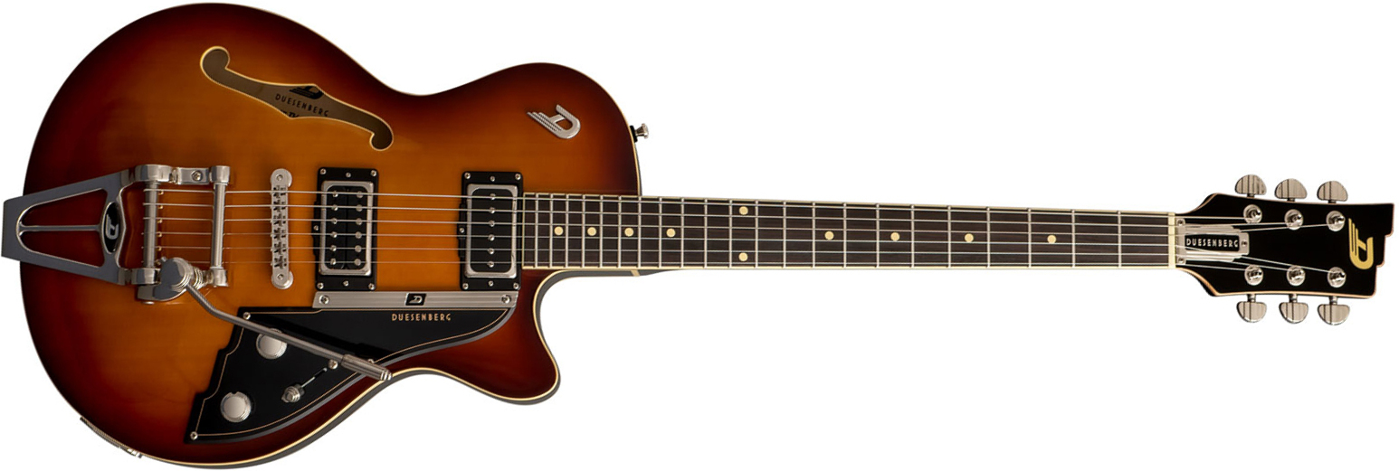 The DUESENBERG Starplayer TV (Vintage Burst) semi-hollow body electric guitar (with internal sustain bloc), is constructed the same way as regular Starplayer TV (semi-hollow, dual pickup, 22 fret electric guitar, Spruce arched top and Maple back - layered tonewoods), bent sides and a 648 mm scale.
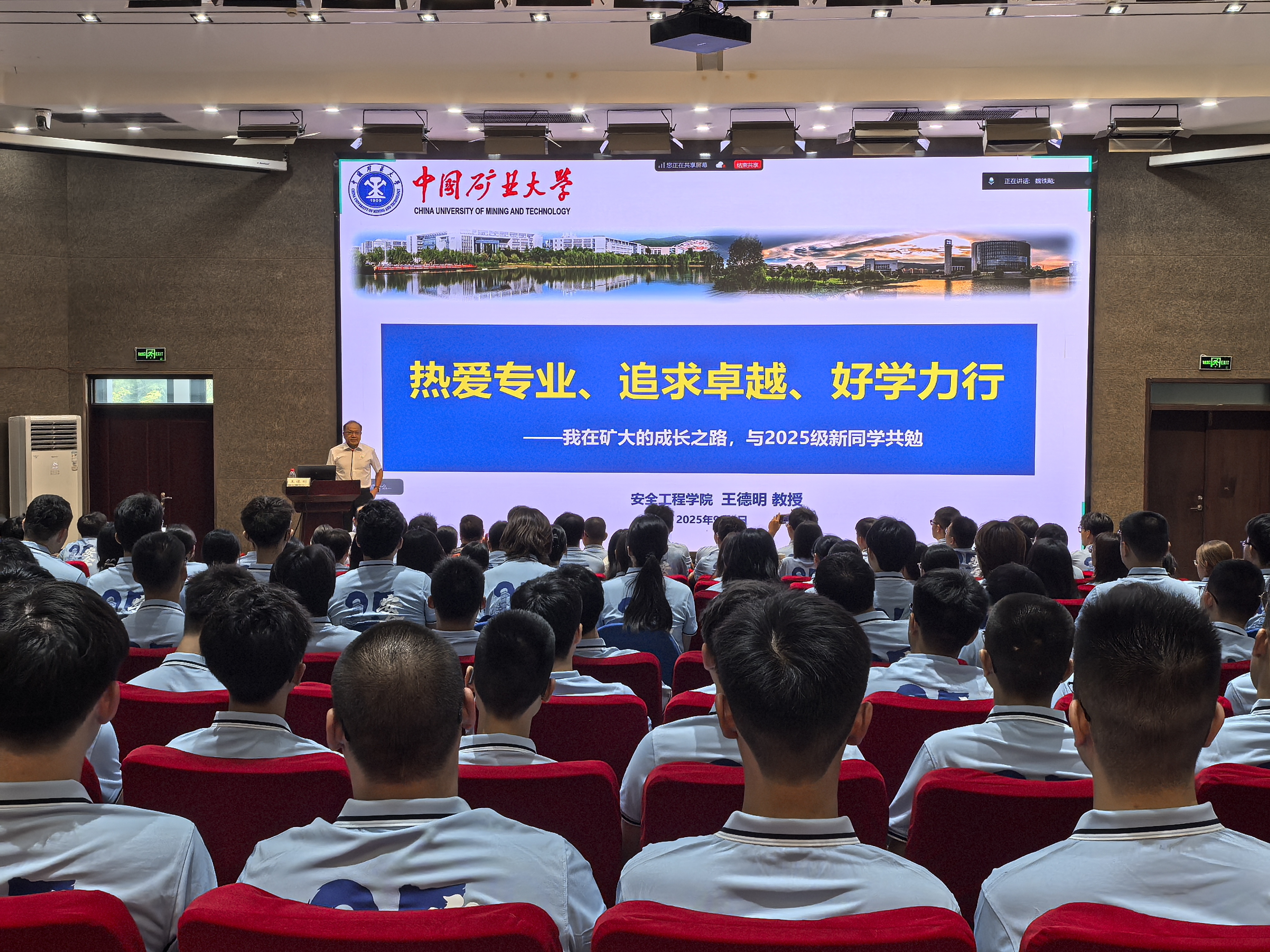 王德明教授深情回顾了他在矿大数十载的学习、科研与育人历程。他以自身从普通学生成长为学科带头人的奋斗足迹为鲜活案例,生动诠释了“热爱”作为专业学习的原动力、“卓越”作为事业发展的追求、“好学力行”作为矿大人精神特质的深刻内涵。他分享的那些克服困难、潜心钻研的生动故事,以及将个人理想融入学科发展和国家需求的赤子之心,为初入大学校园的学子们点亮了前行的明灯。王德明教授强调,安全学科肩负着守护人民生命财产安全和国家能源资源事业发展的重大使命,投身于此不仅需要扎实的知识技能,更需要强烈的社会责任感和家国情怀。他鼓励2025级新同学珍惜大学时光,勇于探索未知,敢于挑战难题,在矿大这片沃土上脚踏实地、砥砺前行,努力成长为可堪大用、能担重任的安全领域栋梁之材。
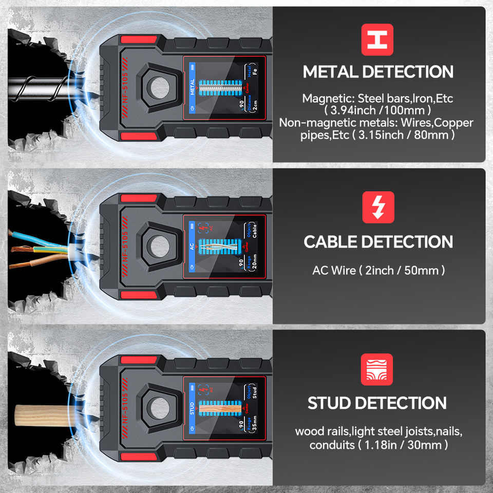 เครื่องสแกนผนัง Noyafa NF-5105 3 in 1 ตรวจจับเหล็ก ไม้ และสายไฟที่มีกระแส | ความแม่นยำสูงและใช้งานง่าย
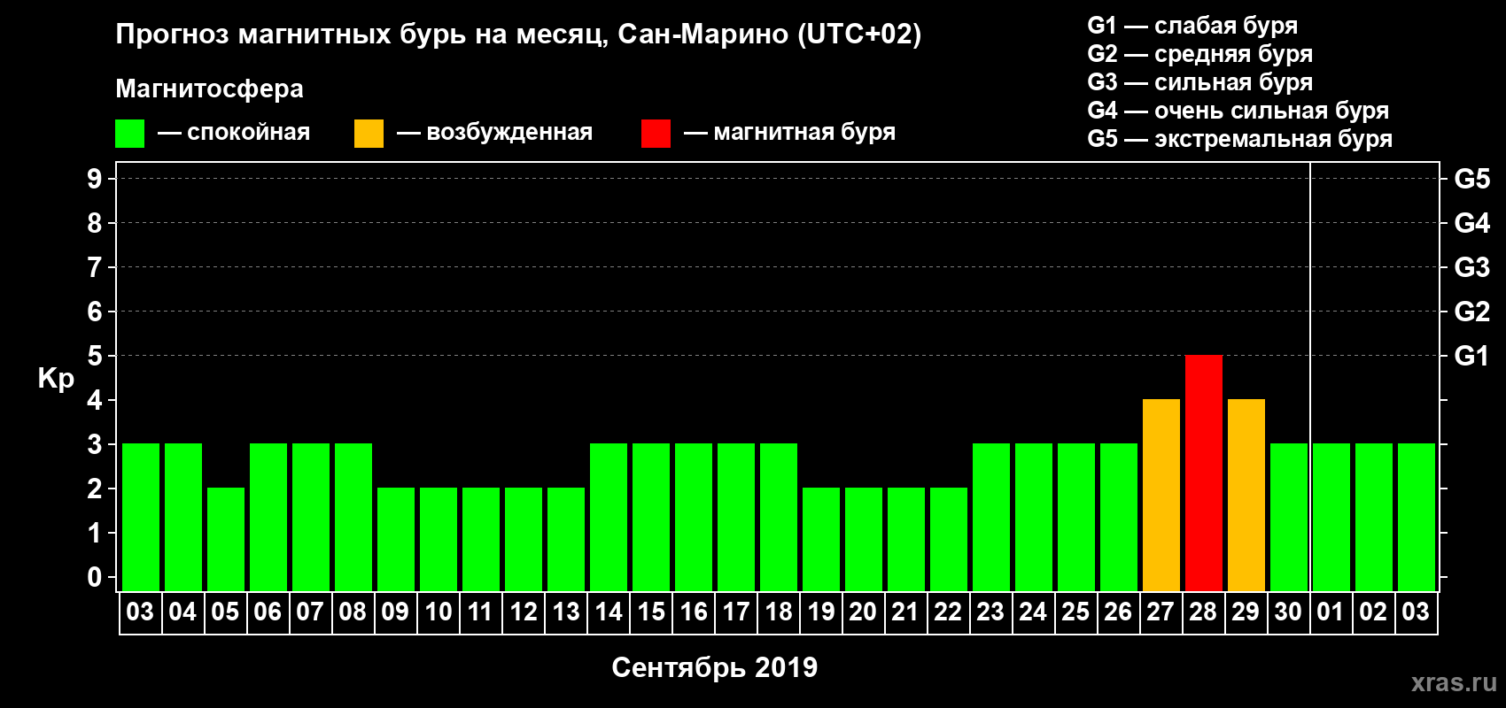 Прогноз магнитных бурь Сан-Марино — 3 сентября 2019 года
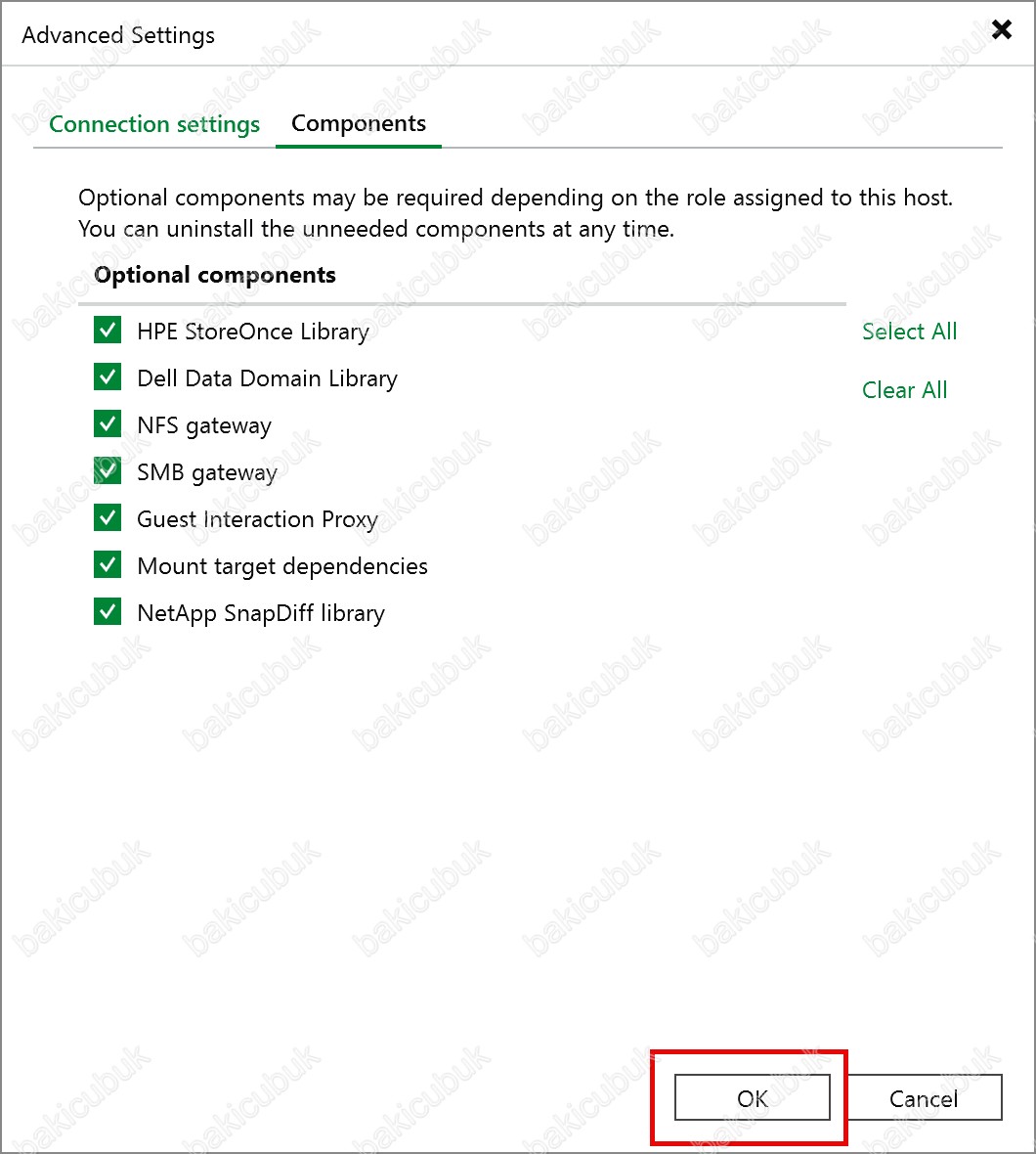 Advanced Settings ekranında Components sekmesinde Optional components bölümü altında Veeam Software Appliance 13.0.0.4967 üzerine ekleyeceğimiz Veeam JEOS 13.0.0.4967 Hardened Repository sunucumuza kurulacak olan bileşenlerini görüyoruz. Optional components bölümü altında bulunan Component (Bileşenlerle) kurulumları opsiyoneldir. Hangilerinin kurulup hangilerinin kurulmayacağına siz karar verebilirsiniz.
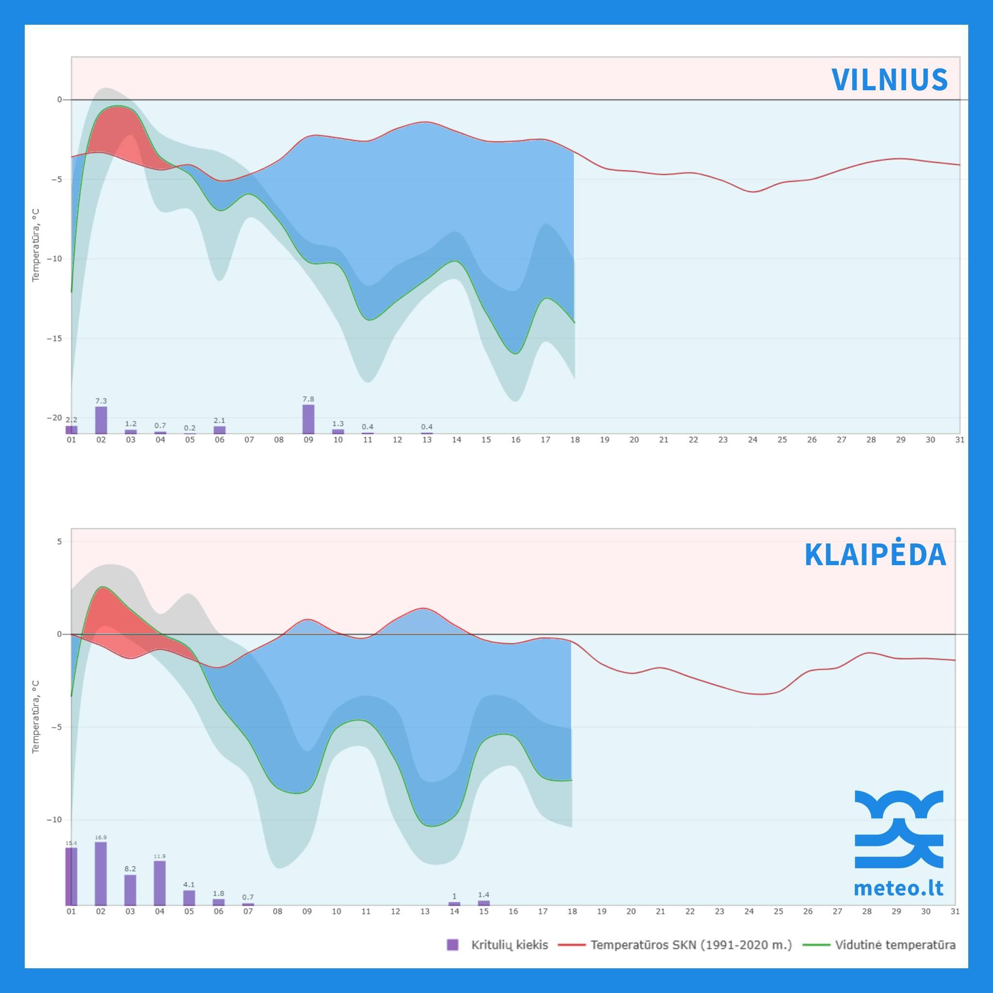 Vidutinė sausio 1–18 d. laikotarpio oro temperatūra Vilniuje siekė 9 laipsnius šalčio, o Klaipėdoje 4,8 laipsnio šalčio (anomalijos, atitinkamai, buvo net 5,9 ir 4,5 laipsnio šalčio). Per praėjusią mėnesio dalį Vilniuje buvo 15, o Klaipėdoje – 14 dienų šaltesnių už 1991–2020 m. laikotarpio vidurkį. Vidutiniškai šilčiausios Lietuvoje pasitaikė sausio 2–5 d., o šalčiausios buvo sausio 11–18 dienos.
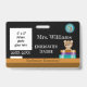 Um crachá de identificação horizontal fofo projetado para o ensino fundamental com uma lousa falsa, um ursinho e alguns livros. Além da personalização usual, como nome do professor, título, nome da escola e o ano de validade do crachá, este também permite adicionar o crachá do distrito escolar.
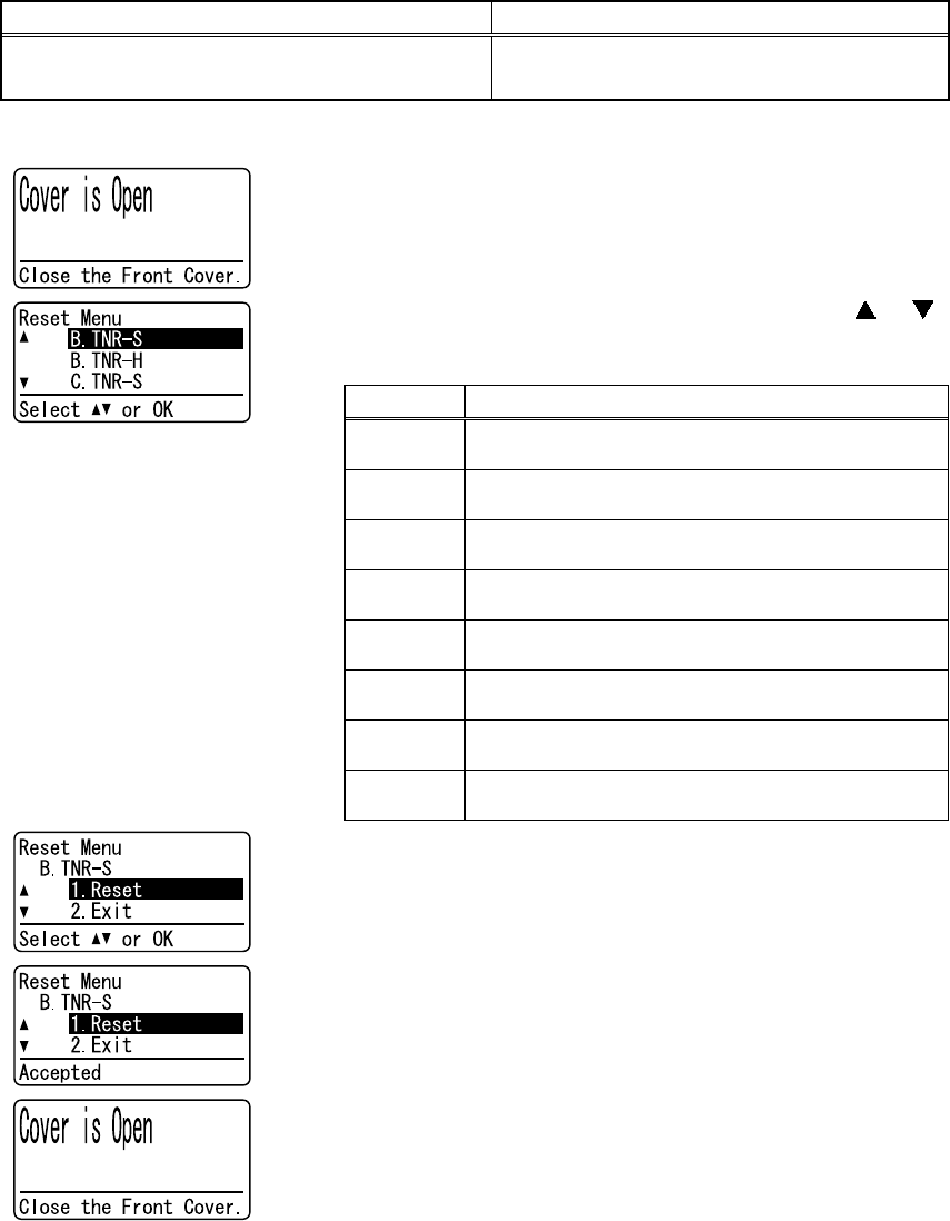 (Refer to “2.3 Parts Life Reset Function”, Chapter 2 of the Service Manual.)
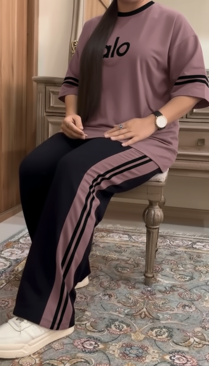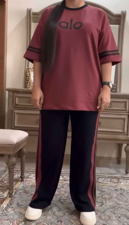 ست اسپرت زنانه ALO جنس گلکسی پنبه | تیشرت و شلوار راحتی و شیک
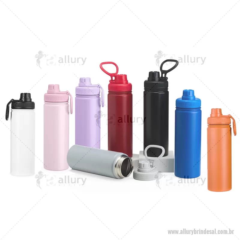 Garrafa Inox 750ml Conta com pintura eletrostática, que oferece uma cor duradoura e acabamento de maior qualidade e resistência. Possui tampa rosqueável em plástico com proteção para o bocal e alça para transporte. Altura : 24 cm x Circunferência : 23 cm x Comprimento : 7,5 cm Peso aproximado (g): 175 - - ALLALGAR154
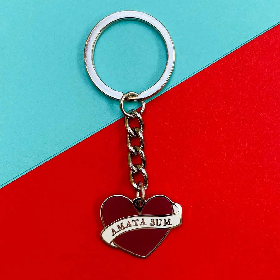 This keyring says 'Amata Sum' which translates from Latin to English as 'I am Loved'.
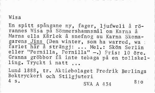 //// Wisa //// En spitt spångane ny, fager, ljufweli å rörannes Wisa på Sömmershamnsmål om Karna å Marna ella Kärlek å snefnog au Karna Skoma-garens Jins (Den winter, som ha warred, wa . farlet hår å strängj: .., Mel.: Skön Serlin eller "Pernilla, Pernilla" -.) Pris: 10 öre. Granna gröbbor få inte tebaga på en tollskel-ling. Tryckt i natt „,. //// Lund 1888, tr. Aktiebolaget Fredrik Berlings Boktryckeri och Stilgiuteri //// 4 s- SVA A 434 8:0 ////

§ **What the task requires**
Retype each entry precisely. Skip images entirely.

§ **Written solution**
 The DUESENBERG Starplayer TV (Vintage Burst) semi-hollow body electric guitar (with internal sustain bloc), is constructed the same way as regular Starplayer TV (semi-hollow, dual pickup, 22 fret electric guitar, Spruce arched top and Maple back - layered tonewoods), bent sides and a 648 mm scale.
 王德明教授深情回顾了他在矿大数十载的学习、科研与育人历程。他以自身从普通学生成长为学科带头人的奋斗足迹为鲜活案例,生动诠释了“热爱”作为专业学习的原动力、“卓越”作为事业发展的追求、“好学力行”作为矿大人精神特质的深刻内涵。他分享的那些克服困难、潜心钻研的生动故事,以及将个人理想融入学科发展和国家需求的赤子之心,为初入大学校园的学子们点亮了前行的明灯。王德明教授强调,安全学科肩负着守护人民生命财产安全和国家能源资源事业发展的重大使命,投身于此不仅需要扎实的知识技能,更需要强烈的社会责任感和家国情怀。他鼓励2025级新同学珍惜大学时光,勇于探索未知,敢于挑战难题,在矿大这片沃土上脚踏实地、砥砺前行,努力成长为可堪大用、能担重任的安全领域栋梁之材。
 เครื่องสแกนผนัง Noyafa NF-5105 3 in 1 ตรวจจับเหล็ก ไม้ และสายไฟที่มีกระแส | ความแม่นยำสูงและใช้งานง่าย
 Прогноз магнитных бурь Сан-Марино — 3 сентября 2019 года
 Advanced Settings ekranında Components sekmesinde Optional components bölümü altında Veeam Software Appliance 13.0.0.4967 üzerine ekleyeceğimiz Veeam JEOS 13.0.0.4967 Hardened Repository sunucumuza kurulacak olan bileşenlerini görüyoruz. Optional components bölümü altında bulunan Component (Bileşenlerle) kurulumları opsiyoneldir. Hangilerinin kurulup hangilerinin kurulmayacağına siz karar verebilirsiniz.
 Vidutinė sausio 1–18 d. laikotarpio oro temperatūra Vilniuje siekė 9 laipsnius šalčio, o Klaipėdoje 4,8 laipsnio šalčio (anomalijos, atitinkamai, buvo net 5,9 ir 4,5 laipsnio šalčio). Per praėjusią mėnesio dalį Vilniuje buvo 15, o Klaipėdoje – 14 dienų šaltesnių už 1991–2020 m. laikotarpio vidurkį. Vidutiniškai šilčiausios Lietuvoje pasitaikė sausio 2–5 d., o šalčiausios buvo sausio 11–18 dienos.
 Um crachá de identificação horizontal fofo projetado para o ensino fundamental com uma lousa falsa, um ursinho e alguns livros. Além da personalização usual, como nome do professor, título, nome da escola e o ano de validade do crachá, este também permite adicionar o crachá do distrito escolar.
 (Refer to “2.3 Parts Life Reset Function”, Chapter 2 of the Service Manual.)
 ست اسپرت زنانه ALO جنس گلکسی پنبه | تیشرت و شلوار راحتی و شیک
 Garrafa Inox 750ml Conta com pintura eletrostática, que oferece uma cor duradoura e acabamento de maior qualidade e resistência. Possui tampa rosqueável em plástico com proteção para o bocal e alça para transporte. Altura : 24 cm x Circunferência : 23 cm x Comprimento : 7,5 cm Peso aproximado (g): 175 - - ALLALGAR154
 This keyring says 'Amata Sum' which translates from Latin to English as 'I am Loved'.
 //// Wisa //// En spitt spångane ny, fager, ljufweli å rörannes Wisa på Sömmershamnsmål om Karna å Marna ella Kärlek å snefnog au Karna Skoma-garens Jins (Den winter, som ha warred, wa . farlet hår å strängj: .., Mel.: Skön Serlin eller "Pernilla, Pernilla" -.) Pris: 10 öre. Granna gröbbor få inte tebaga på en tollskel-ling. Tryckt i natt „,. //// Lund 1888, tr. Aktiebolaget Fredrik Berlings Boktryckeri och Stilgiuteri //// 4 s- SVA A 434 8:0 ////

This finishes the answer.